*** Begin section ***

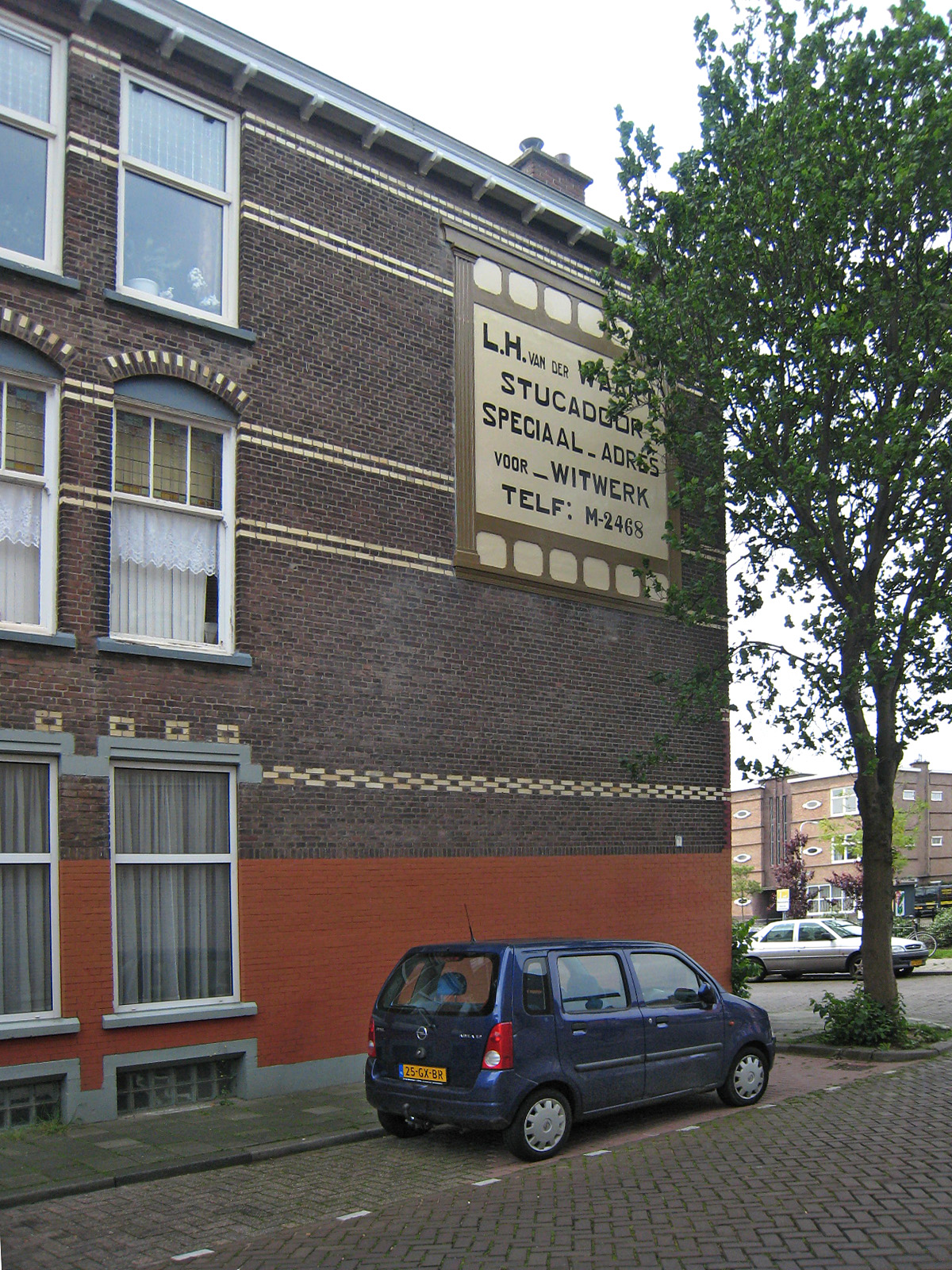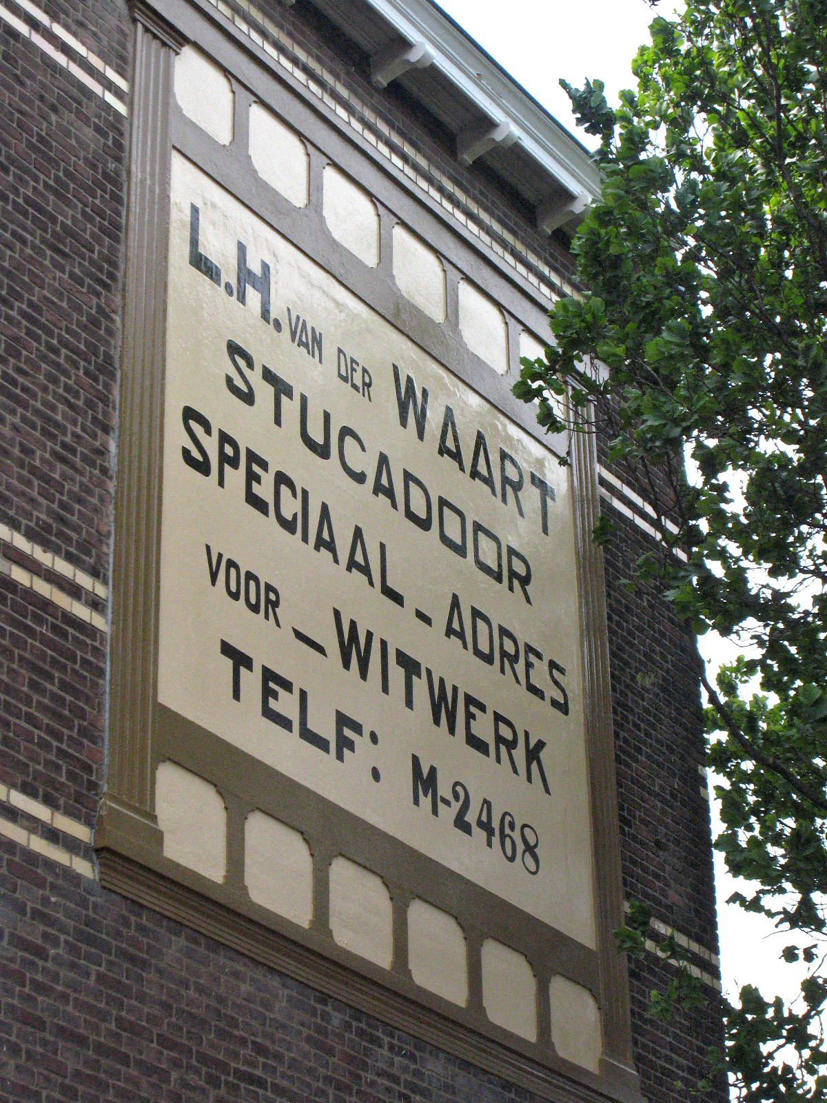 Muurreclame voor stucadoor L.H. van der Waart in zijn huidige opzet daterend uit circa 1920, aangebracht op de zijgevel aan de Frederik Ruijschstraat van het uit 1915 daterende hoekpand met boven- en benedenwoning.
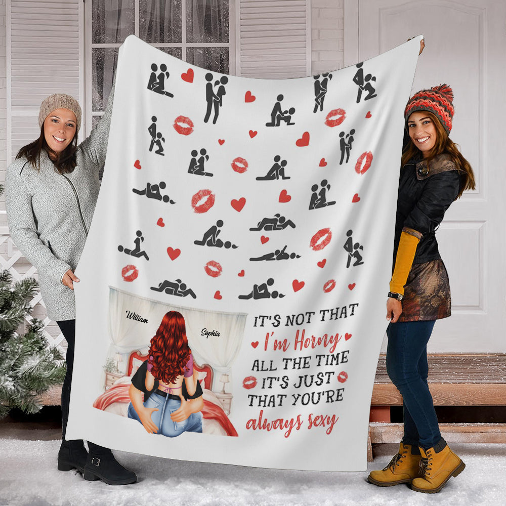 It's Not That I'm Horny All The Time, It's Just That Your're Always Sexy - Custom Appearances And Names - Personalized Fleece Blanket, Gift For Family, Couple Gift
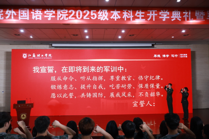 新生军训宣誓仪式中,在退伍大学生士兵、24英语3S班的颜炼和23商英1班的周梓钰的领誓下,全体新生举起右拳,用铿锵有力的誓言表达了不畏艰难、严格训练、遵守纪律的坚定决心。铮铮誓言,展现了新生们良好的精神风貌和不怕吃苦的决心。
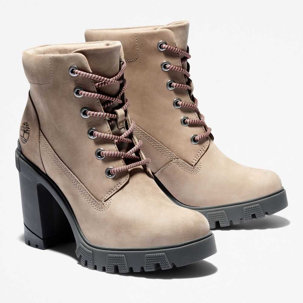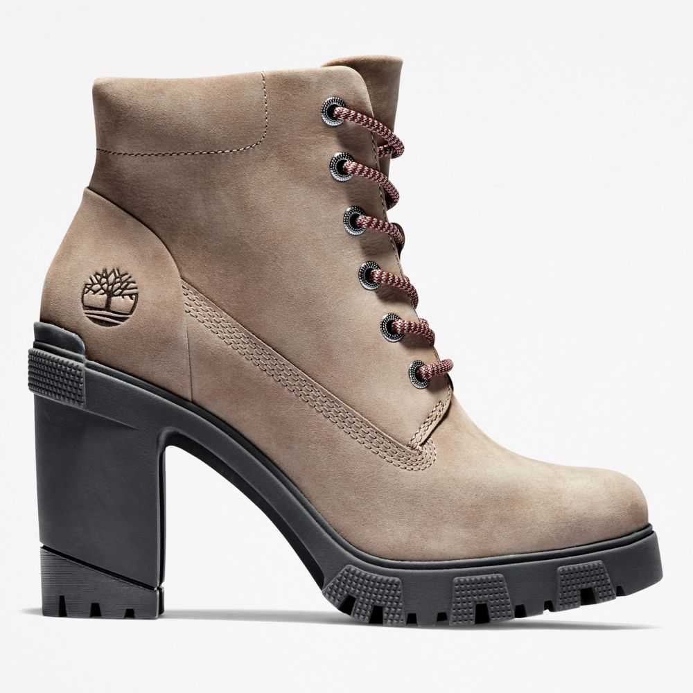 These trendy heeled boots feature smooth nubuck leathers treated to repel water and stains,arch support,a cushy foam footbed,a durable rubber lug sole,and eco-conscious materials,including a lining containing at least 50% recycled plastic diverted from landfills.
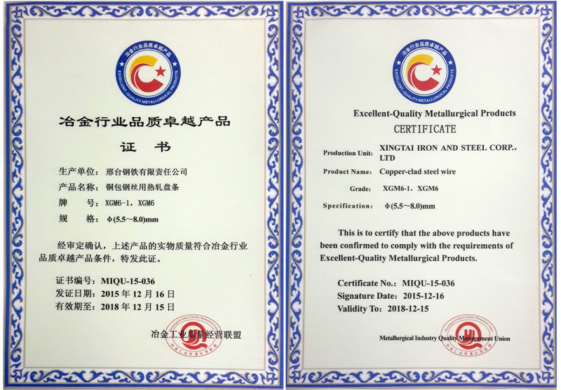 銅包鋼絲用熱軋盤條XGM6-1、XGM6φ(5.5~8.0)mm獲冶金行業(yè)品質卓越產(chǎn)品
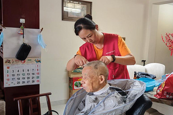 志愿者上门为老人理发。
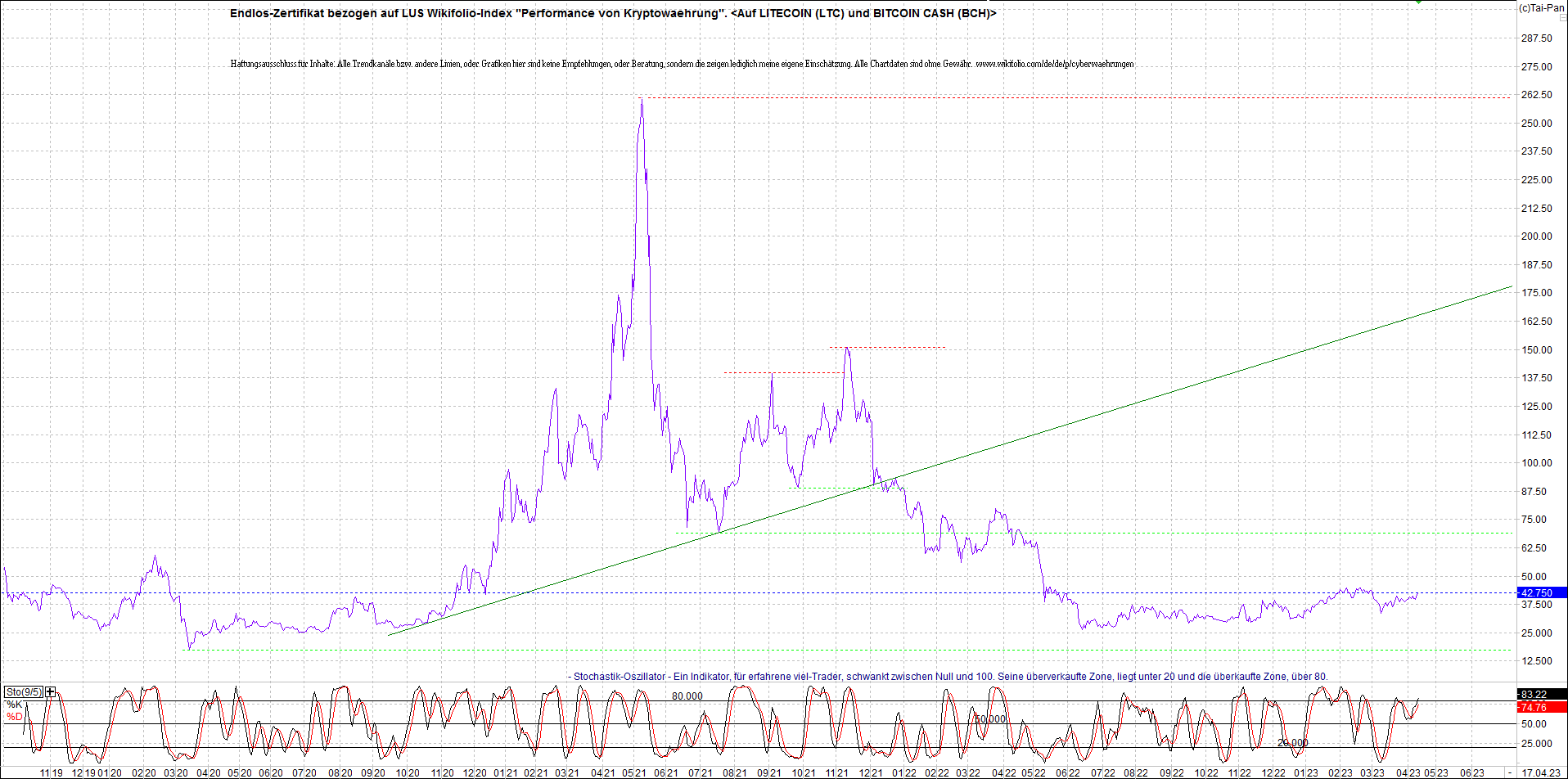 Anbei das Zertifikat, bekannt als: Endlos-Zertifikat bezogen auf LUS Wikifolio-Index "Performance von Kryptowaehrung",  jetzt versorgt mit Performance von Litecoin (LTC) und von Bitcoin Cash (BCH).
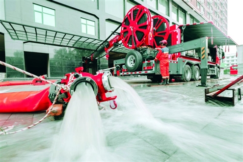 山东省消防救援总队济南支队特勤大队指挥员罗文波告诉记者,“我们是8月4日下午两点接到排涝任务的,当天下午3点20分,排涝正式开始,这次我们一共启用了三台排涝设备,其中有一台是排水机器人,另外两台是手抬机动泵。”他告诉记者,“范阳文化园A栋大楼地下车库内积水面积约为1800平方米,水深4米左右。现实际排水速度约为每小时500立方米。”
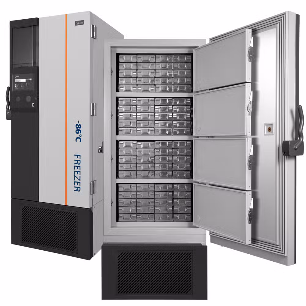 - Aplicações: Os ultrafreezers são essenciais para criopreservação de células vivas, tecidos e alguns compostos químicos especiais. Usados em biobancos, laboratórios de fertilidade e em pesquisas que envolvem criobiologia.
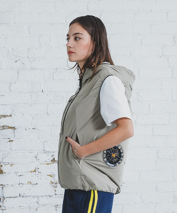 半袖やジャケットの上からも重ねやすいベスト形状で、通勤や散歩、アウトドアなど幅広いシーンで活躍します。
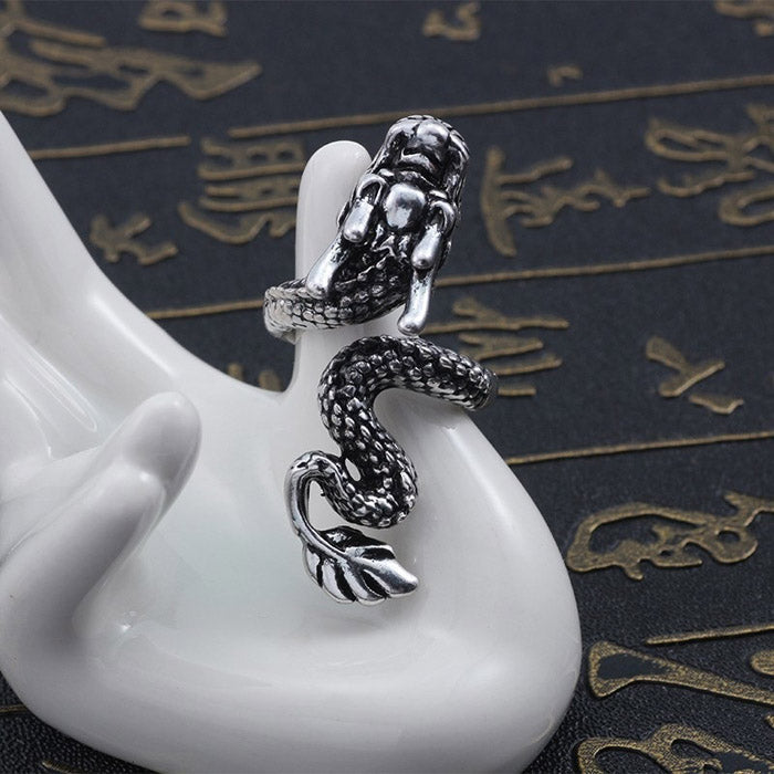The Anna Dragon captivates you with its presence. Its natural charisma transports you to unexpected lands and insurmountable horizons. Dragon-shaped ring.
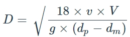 ストークスの法則計算機 - 終端速度、重力による加速度、直径、媒体と粒子の密度、媒体の粘度
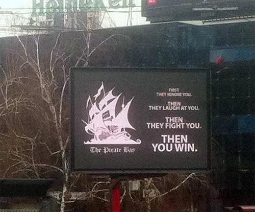 Примерно неделю назад на площади Республики в Белграде рекламный видеоэкран начал показывать рекламу пиратского файлообменного сайта The Pirate Bay
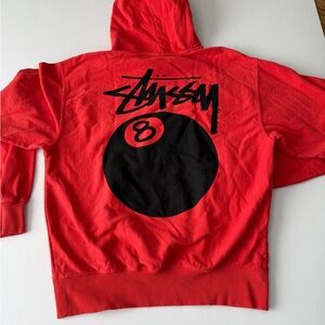 Vibrant orange sweatshirt with bold black 8 ball graphic. Iconic Stussy branding on back.

*** End section ***

→ **Problem details**
Take the line containing "ストークスの法則計算機 - 終端速度、重力による加速度、直径、媒体と粒子の密度、媒体の粘度" and every line after it up to the end of the entries, and quote them exactly. Both ends count; the pictures do not.

→ **Task answer**
 ストークスの法則計算機 - 終端速度、重力による加速度、直径、媒体と粒子の密度、媒体の粘度
 Примерно неделю назад на площади Республики в Белграде рекламный видеоэкран начал показывать рекламу пиратского файлообменного сайта The Pirate Bay
 Vibrant orange sweatshirt with bold black 8 ball graphic. Iconic Stussy branding on back.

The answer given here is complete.